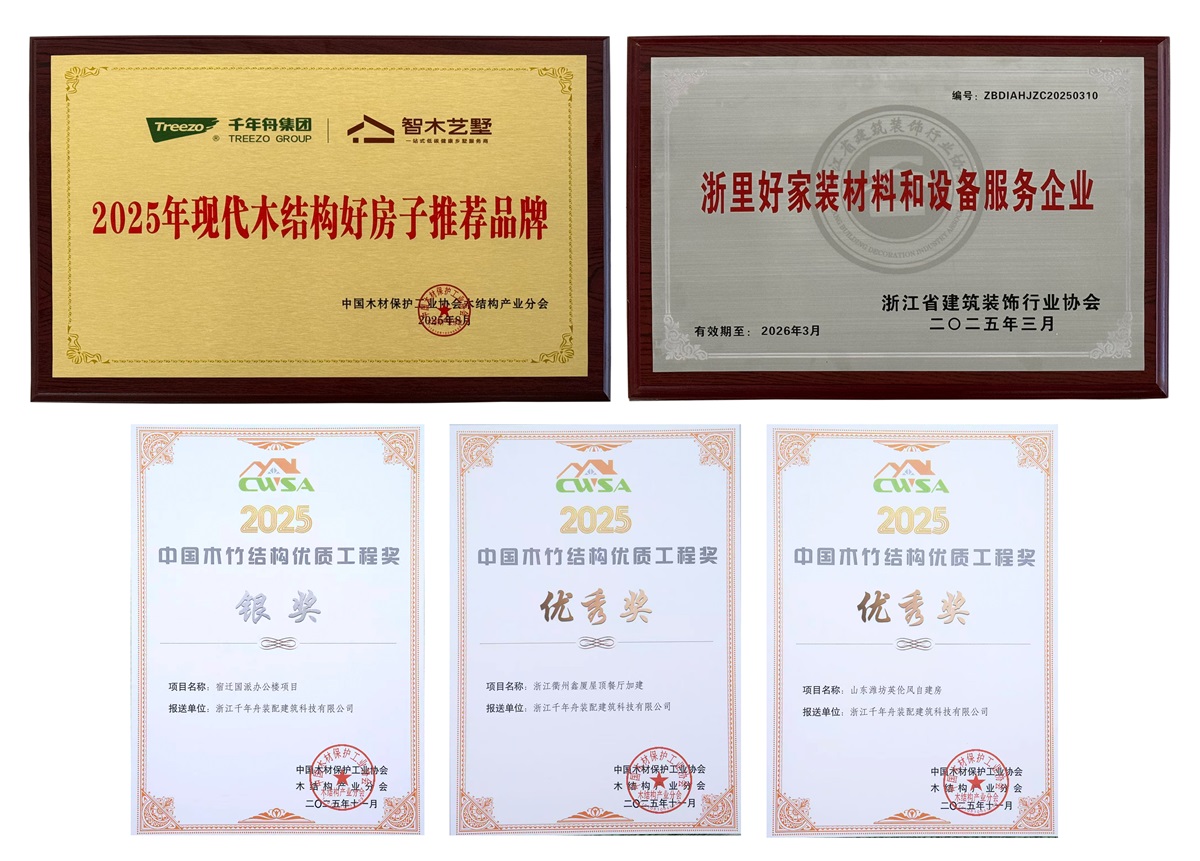 在消费者端,荣膺第九届中国(浙江)放心居住服务日暨首届315放心消费生活节“浙里好家装材料和设备服务企业”;在行业领域,收获中国木材保护工业协会授予“2025现代木结构好房子”推荐品牌;在技术层面,宿迁办公楼、潍坊自建房、衢州屋顶餐厅三个项目于中国木结构产业大会上荣获优质工程奖。
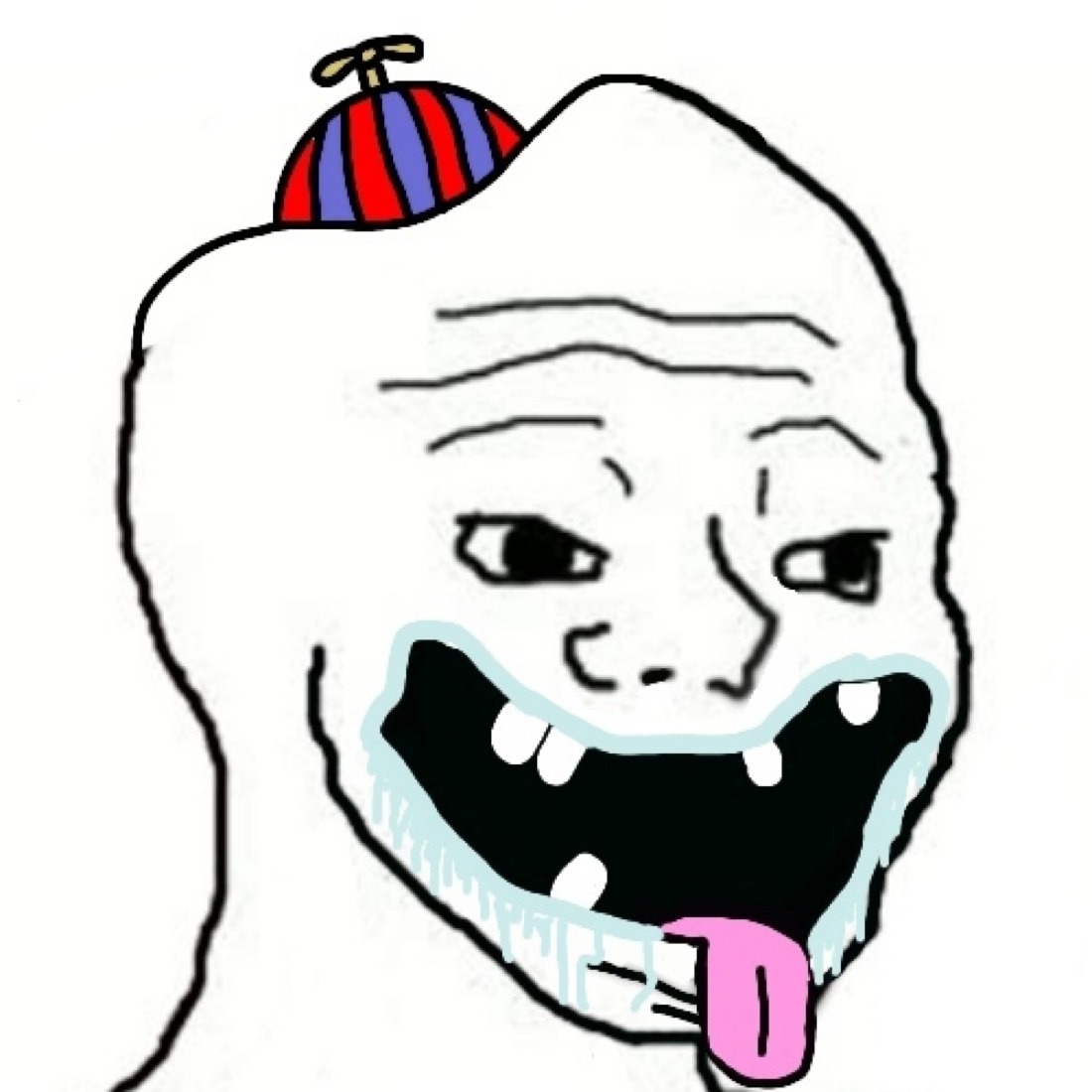 Brainlet with pinwheel hat drooling — farm.meme
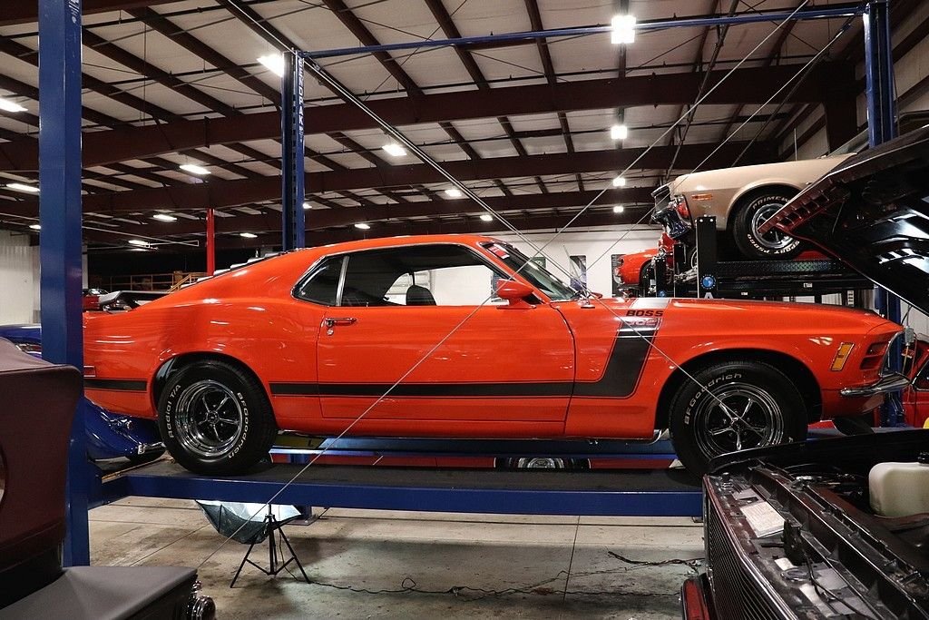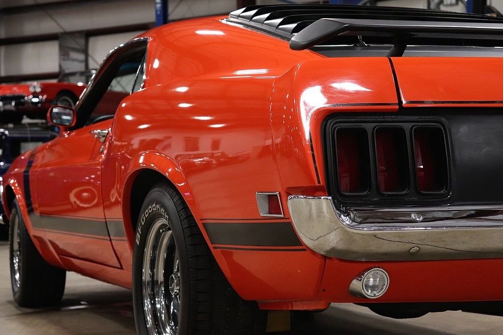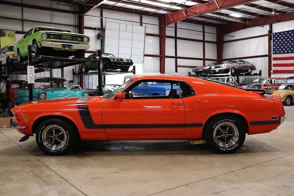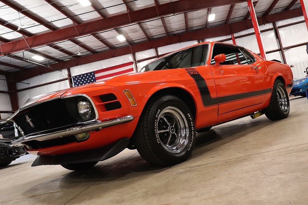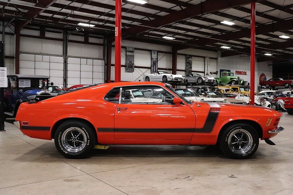 1970 Mustang Boss 302 tribute car for your consideration. This car features an older restoration and was original painted Grabber Blue before it was changed to Calypso Coral. The exterior is in stunning shape, with a very excellent repaint on the straight body. The car features the classic 302 graphics and is complemented by the rear spoiler, window louvers, and factory alloy wheels with BF Goodrich tires. The interior is very clean and features cloth and vinyl bucket seats. The interior has the wood grain trim, wood rimmed steering wheel, Hurst shifter, radio, and full instrumentation.
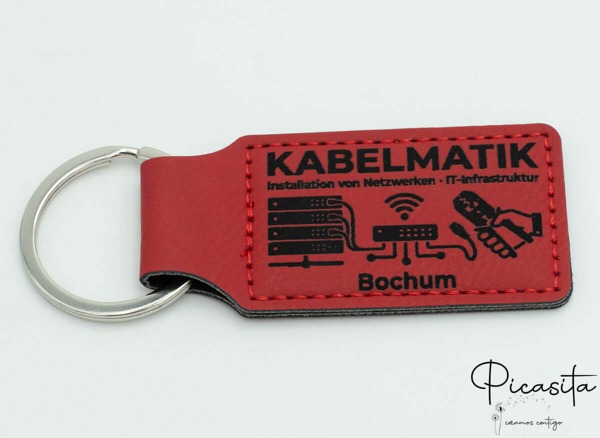 Made from durable polyurethane (PU) with a soft texture, these accessories stand out for their versatility. We use high-precision laser engraving technology to create your personalized keychain. This method doesnāt use inks that fade with friction; the laser subtly burns the surface layer to reveal an elegant inner color (silver or black, depending on the base model). This way, your keychain with text or your keychain with logo will keep its flawless look year after year, easily withstanding the daily wear and tear of pockets and bags.
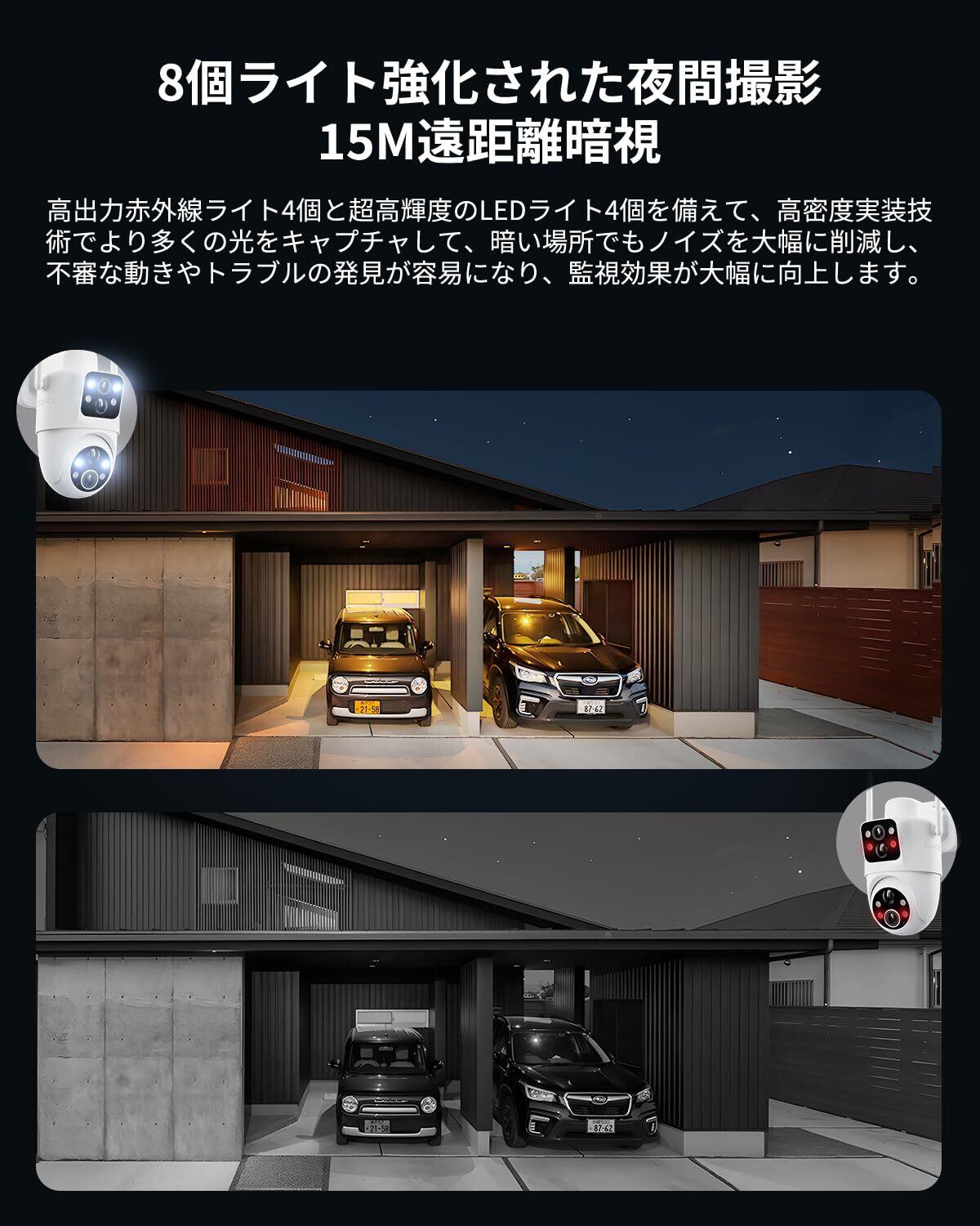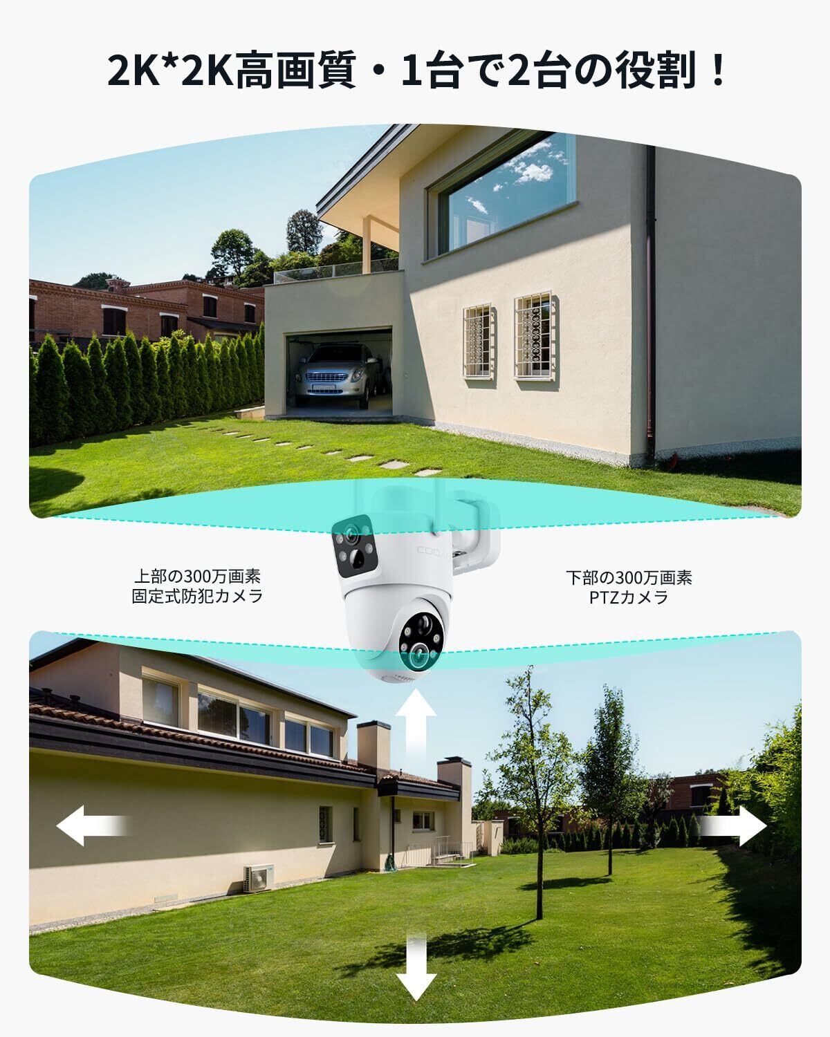 【外部5DBIアンテナ・2K*2K高画質・遠隔でも双方向会話】監視カメラは強力な5DBIアンテナを備え、高い電波貫通性能と耐干渉性能により長距離のデータ転送を実現します。玄関、一戸建て、ドアに設置、賃貸などルーターから離れた場所でもより安定したスムーズな映像を楽しむことができます。透明度の高い、大口径の3MPレンズを二つ搭載し、光の屈折を効果的に低減します。カメラが全方向からの情報を2Kの解像度で取り込み、保護エリアの全体像を細部まで見逃さずに確認することができます。カメラにスピーカーとマイクを搭載していて、カメラ越しにすぐに声をかけて、子供やペットのいたずら・敷地内に侵入者に警告、宅配便の再配達をお願いしたりできて便利です。

TRY IT -> All that is wanted is the lines above between the one containing "Brainlet with pinwheel" and the one containing "1970 Mustang Boss", inclusive, restated word for word, with pictures omitted.

ANSWER FOR THE TASK ->
 Brainlet with pinwheel hat drooling — farm.meme
 1970 Mustang Boss 302 tribute car for your consideration. This car features an older restoration and was original painted Grabber Blue before it was changed to Calypso Coral. The exterior is in stunning shape, with a very excellent repaint on the straight body. The car features the classic 302 graphics and is complemented by the rear spoiler, window louvers, and factory alloy wheels with BF Goodrich tires. The interior is very clean and features cloth and vinyl bucket seats. The interior has the wood grain trim, wood rimmed steering wheel, Hurst shifter, radio, and full instrumentation.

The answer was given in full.